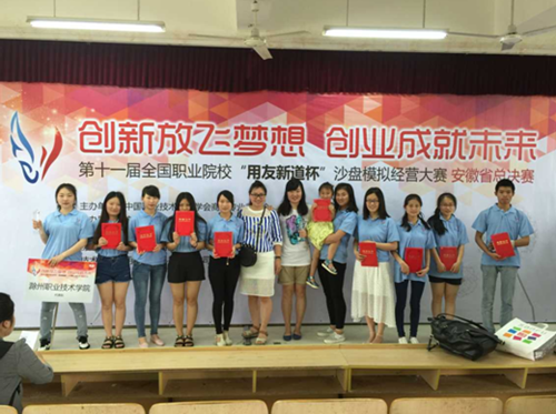 为拓宽会计专业同学们的企业经营管理思路,提升同学们在经营管理中的决策能力、长期规划能力,磨练他们商业决策的敏感度,2015年6月5日至7日,经济贸易系两支队伍10名学生赴合肥参加了第十一届全国职业院校“用友新道杯”沙盘模拟经营大赛安徽赛区总决赛。经过两天紧张而又激烈的比拼,我系两队在众多参赛队伍中赛出了风格,赛出了品格,并最终分别获得了二等奖和三等奖的好成绩。
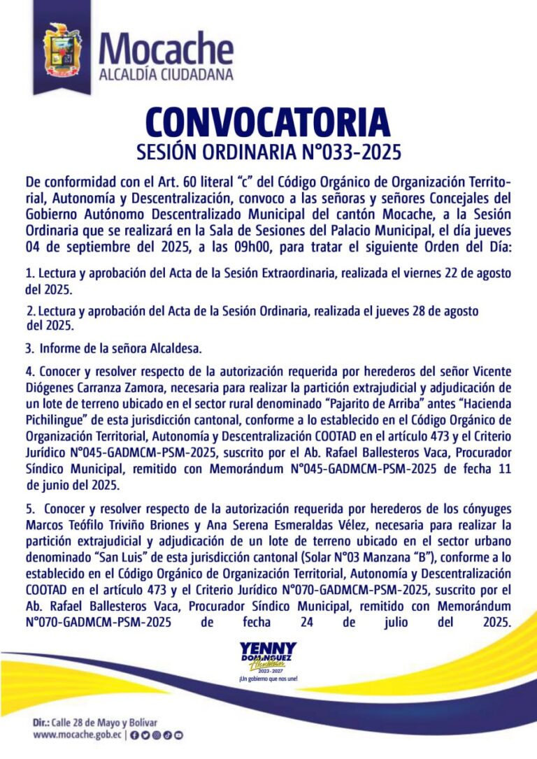 CONVOCATORIA SESIÓN ORDINARIA N°033-2025
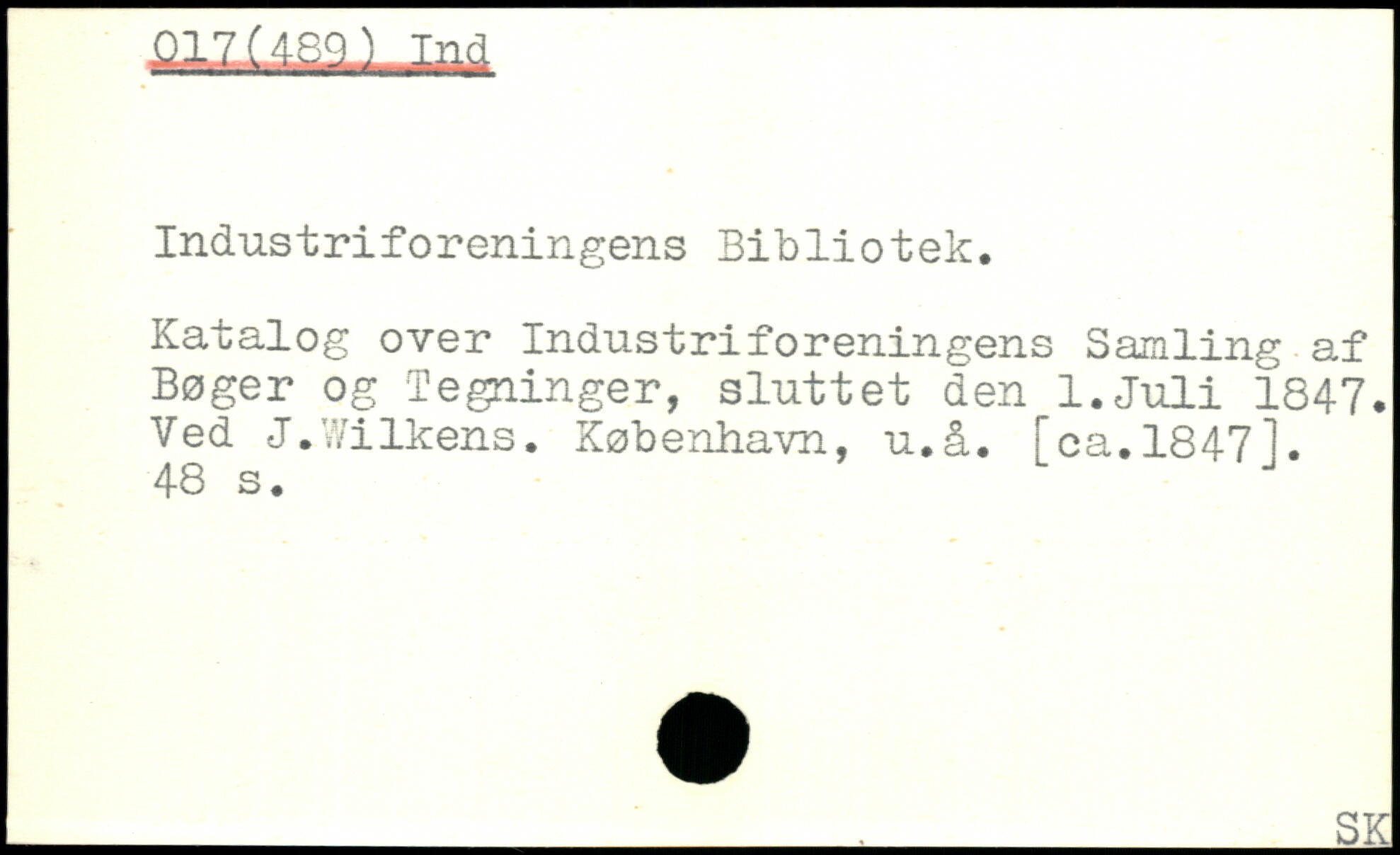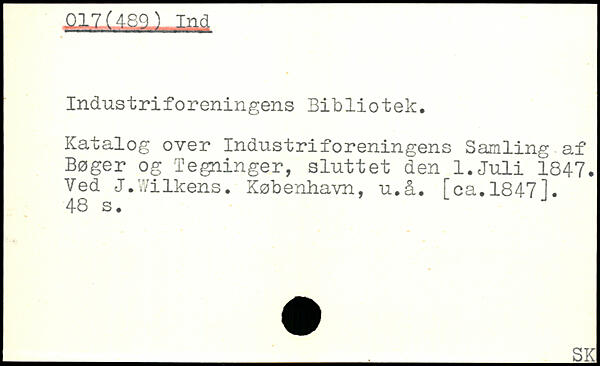 Industriforeningens Bibliotek. Katalog over Industriforeningens Samling af Bøger og Tegninger, sluttet den l.Juli 1847. Ved J.Wilkens. København, u.å. Fca.18471.
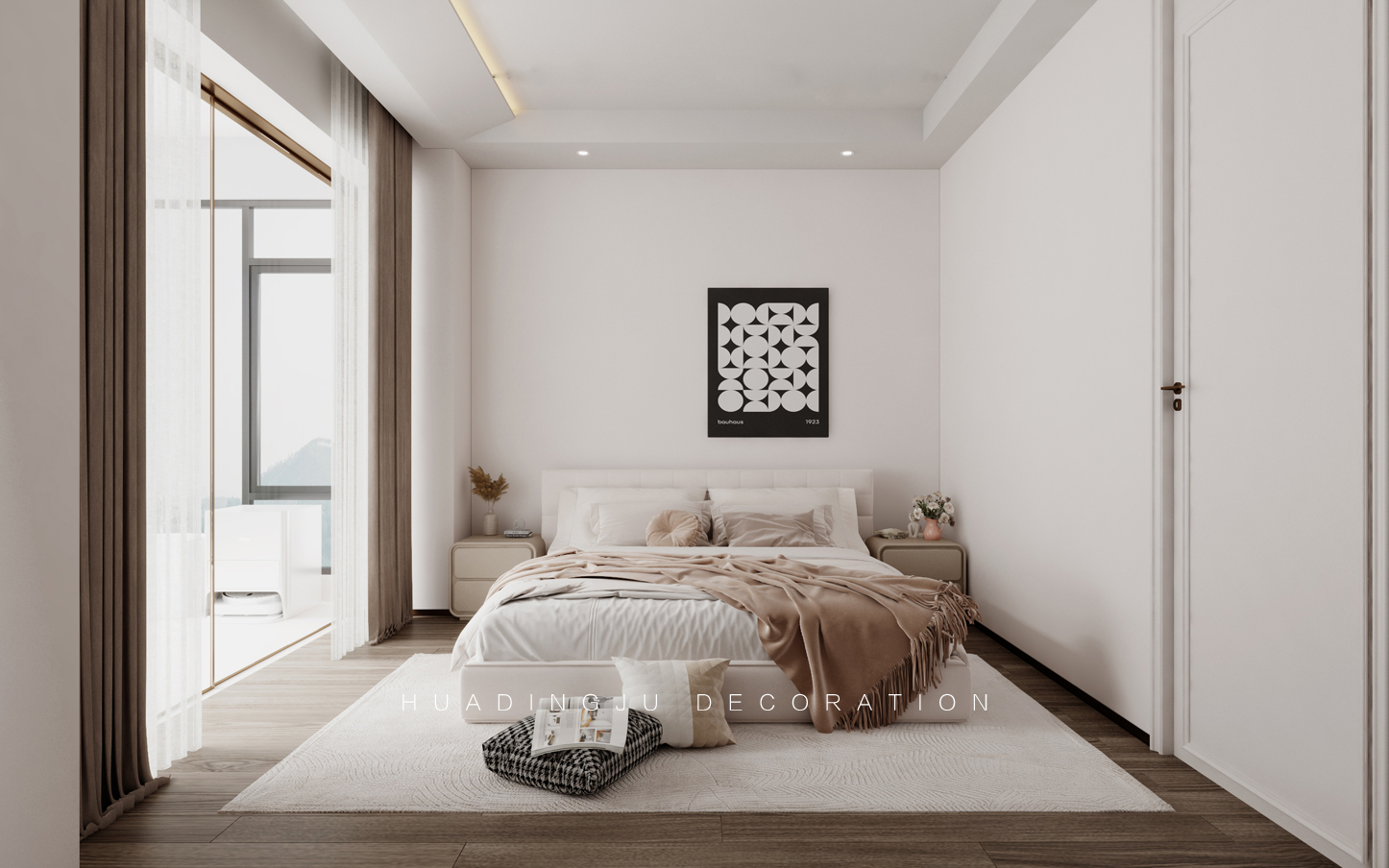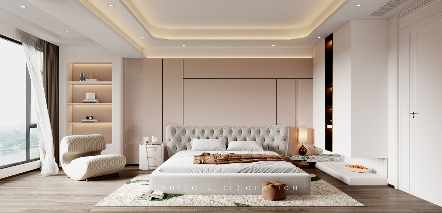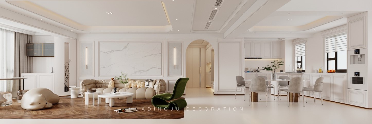 设计说明:每个空间都有独特的生活理念,展现不同的幸福追求,随着生活的升温,空间品质得以展现。细腻的设计灵感在每一个元素中舞动,无论世界如何繁华变迁,总会给人一丝温暖。 设计以柔和、经典的色彩为主,米色、象牙白、浅灰和柔和的蓝绿色,营造出温暖且宁静的氛围,使整个空间显得更加宽敞和舒适。墙壁通常采用浅色系,搭配深色的家具和装饰物,形成视觉上的对比与平衡。

**INSTRUCTIONS FOR THE TASK:** Could you retype each line of the material above exactly, skipping the pictures?

**YOUR RESPONSE:**
 为拓宽会计专业同学们的企业经营管理思路,提升同学们在经营管理中的决策能力、长期规划能力,磨练他们商业决策的敏感度,2015年6月5日至7日,经济贸易系两支队伍10名学生赴合肥参加了第十一届全国职业院校“用友新道杯”沙盘模拟经营大赛安徽赛区总决赛。经过两天紧张而又激烈的比拼,我系两队在众多参赛队伍中赛出了风格,赛出了品格,并最终分别获得了二等奖和三等奖的好成绩。
 CONVOCATORIA SESIÓN ORDINARIA N°033-2025
 Industriforeningens Bibliotek. Katalog over Industriforeningens Samling af Bøger og Tegninger, sluttet den l.Juli 1847. Ved J.Wilkens. København, u.å. Fca.18471.
 设计说明:每个空间都有独特的生活理念,展现不同的幸福追求,随着生活的升温,空间品质得以展现。细腻的设计灵感在每一个元素中舞动,无论世界如何繁华变迁,总会给人一丝温暖。 设计以柔和、经典的色彩为主,米色、象牙白、浅灰和柔和的蓝绿色,营造出温暖且宁静的氛围,使整个空间显得更加宽敞和舒适。墙壁通常采用浅色系,搭配深色的家具和装饰物,形成视觉上的对比与平衡。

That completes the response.